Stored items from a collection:
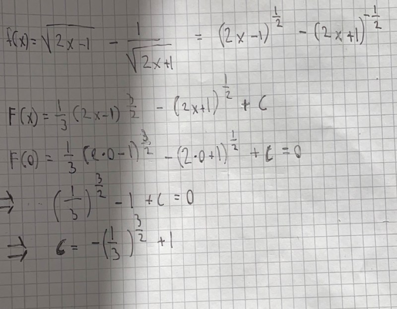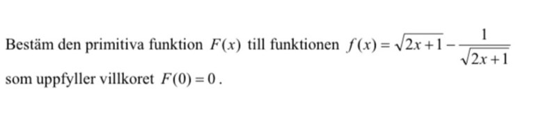 Om du dividerar detta med 3 så får du rätt svar. Alltså är primitiva funktionen 1/3 × (2x + 1)^1,5
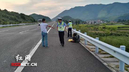 8月5日下午6时左右,刘先生在高速上发现一名流浪人员,报警助其获救。图左一为刘先生。 红网长沙8月5日讯(时刻新闻记者 廖洁 实习生 熊虬)一名流浪汉饥困交加,把高速公路当“床”睡,开车路过的刘先生担心他遭遇不测,绕路回到流浪汉身边,报警后停车守护,直至他得救才走。 8月5日下午6点左右,天气十分炎热,长沙市民刘先生驱车从郴州市临武县驶入高速公路后不久,发现对面车道上横躺一名男子,十分危险。因高速公路不能掉头,也不能停车,担心该男子有状况的刘先生将车开至就近的收费站后,再重新驶入高速,开至该男子身边的应急车道,下车查看情况。 刘先生发现,该男子衣衫褴褛,像是一名流浪人员。由于这名男子表达不清楚,无法和他正常交流,刘先生便拨打了报警电话,向警方求助。 “本来是想打完电话就离开的,但不知道交警什么时候可以过来。高速公路上气温很高,怕他中暑,加之路上车来车往,速度都很快,出于他的安全考虑,我就留下来等交警过来了。”刘先生说。
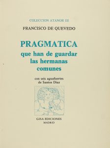 1976 ca. (BIBLIOFILIA-EROTICA). QUEVEDO, FRANCISCO DE; DIAZ, SANTOS [ilustrador]: Madrid: Gisa Ediciones, sa. 4º mayor. Ilustrado con seis aguafuertes de Santos Diaz. Ejemplar en rama con cubiertas en rústica. Edición numerada y limitada a 250...
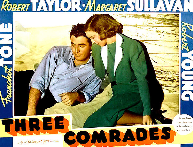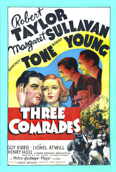 New York Times Review (summary): Based on a novel by Erich Maria Remarque, Three Comrades represented one of the few successful screenwriting efforts of F. Scott Fitzgerald. Set in Germany in the years just following World War I, the film stars Robert Taylor, Franchot Tone and Robert Young as three battle-weary, thoroughly disillusioned returning soldiers. The three friends pool their savings and open an auto-repair shop, and it is this that brings them in contact with wealthy motorist Lionel Atwill–and with Atwill’s lovely travelling companion Margaret Sullavan. Taylor begins a romance with Sullavan, who soon joins the three comrades, making the group a jovial, fun-seeking foursome Though Sullavan suffers from tuberculosis (her shady past is only alluded to), she is encouraged by her male companions to fully enjoy what is left of her life. This becomes increasingly difficult when one of the comrades, Young, is killed during a political riot (it’s a Nazi riot, though not so-labelled by ever-careful MGM). In the end, the four comrades are only two in number, with nothing but memories to see them through the cataclysmic years to come. Despite its Hollywoodized bowdlerization of the Remarque original, Three Comrades remains a poignant, haunting experience. ~ Hal Erickson, Rovi
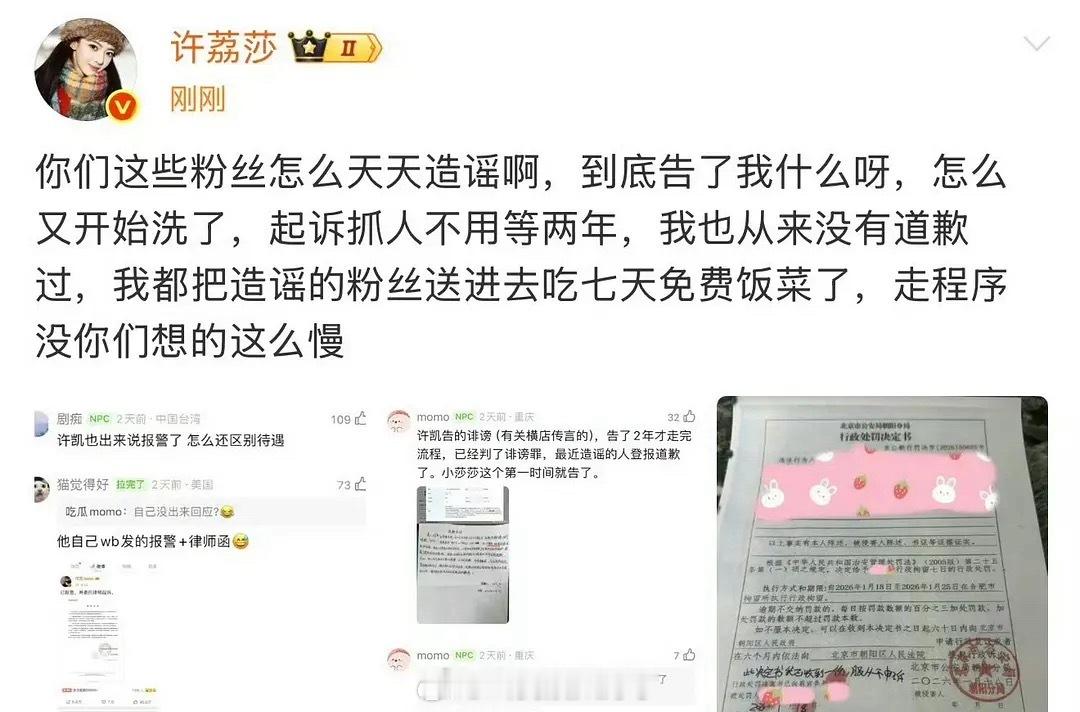 许荔莎说她把造谣的粉丝送进去吃了七天的免费饭菜,好刚啊。

_Activity_. Exactly as written, reproduce the lines from the one containing "8月5日下午6时左右,刘先生在高速上发现一名流浪人员,报警助其获救。图左一为刘先生。 红网长沙8月5日讯(时刻新闻记者 廖洁" through the last line of the entries above, and leave every picture out.

_Task answer_.
 8月5日下午6时左右,刘先生在高速上发现一名流浪人员,报警助其获救。图左一为刘先生。 红网长沙8月5日讯(时刻新闻记者 廖洁 实习生 熊虬)一名流浪汉饥困交加,把高速公路当“床”睡,开车路过的刘先生担心他遭遇不测,绕路回到流浪汉身边,报警后停车守护,直至他得救才走。 8月5日下午6点左右,天气十分炎热,长沙市民刘先生驱车从郴州市临武县驶入高速公路后不久,发现对面车道上横躺一名男子,十分危险。因高速公路不能掉头,也不能停车,担心该男子有状况的刘先生将车开至就近的收费站后,再重新驶入高速,开至该男子身边的应急车道,下车查看情况。 刘先生发现,该男子衣衫褴褛,像是一名流浪人员。由于这名男子表达不清楚,无法和他正常交流,刘先生便拨打了报警电话,向警方求助。 “本来是想打完电话就离开的,但不知道交警什么时候可以过来。高速公路上气温很高,怕他中暑,加之路上车来车往,速度都很快,出于他的安全考虑,我就留下来等交警过来了。”刘先生说。
 1976 ca. (BIBLIOFILIA-EROTICA). QUEVEDO, FRANCISCO DE; DIAZ, SANTOS [ilustrador]: Madrid: Gisa Ediciones, sa. 4º mayor. Ilustrado con seis aguafuertes de Santos Diaz. Ejemplar en rama con cubiertas en rústica. Edición numerada y limitada a 250...
 New York Times Review (summary): Based on a novel by Erich Maria Remarque, Three Comrades represented one of the few successful screenwriting efforts of F. Scott Fitzgerald. Set in Germany in the years just following World War I, the film stars Robert Taylor, Franchot Tone and Robert Young as three battle-weary, thoroughly disillusioned returning soldiers. The three friends pool their savings and open an auto-repair shop, and it is this that brings them in contact with wealthy motorist Lionel Atwill–and with Atwill’s lovely travelling companion Margaret Sullavan. Taylor begins a romance with Sullavan, who soon joins the three comrades, making the group a jovial, fun-seeking foursome Though Sullavan suffers from tuberculosis (her shady past is only alluded to), she is encouraged by her male companions to fully enjoy what is left of her life. This becomes increasingly difficult when one of the comrades, Young, is killed during a political riot (it’s a Nazi riot, though not so-labelled by ever-careful MGM). In the end, the four comrades are only two in number, with nothing but memories to see them through the cataclysmic years to come. Despite its Hollywoodized bowdlerization of the Remarque original, Three Comrades remains a poignant, haunting experience. ~ Hal Erickson, Rovi
 许荔莎说她把造谣的粉丝送进去吃了七天的免费饭菜,好刚啊。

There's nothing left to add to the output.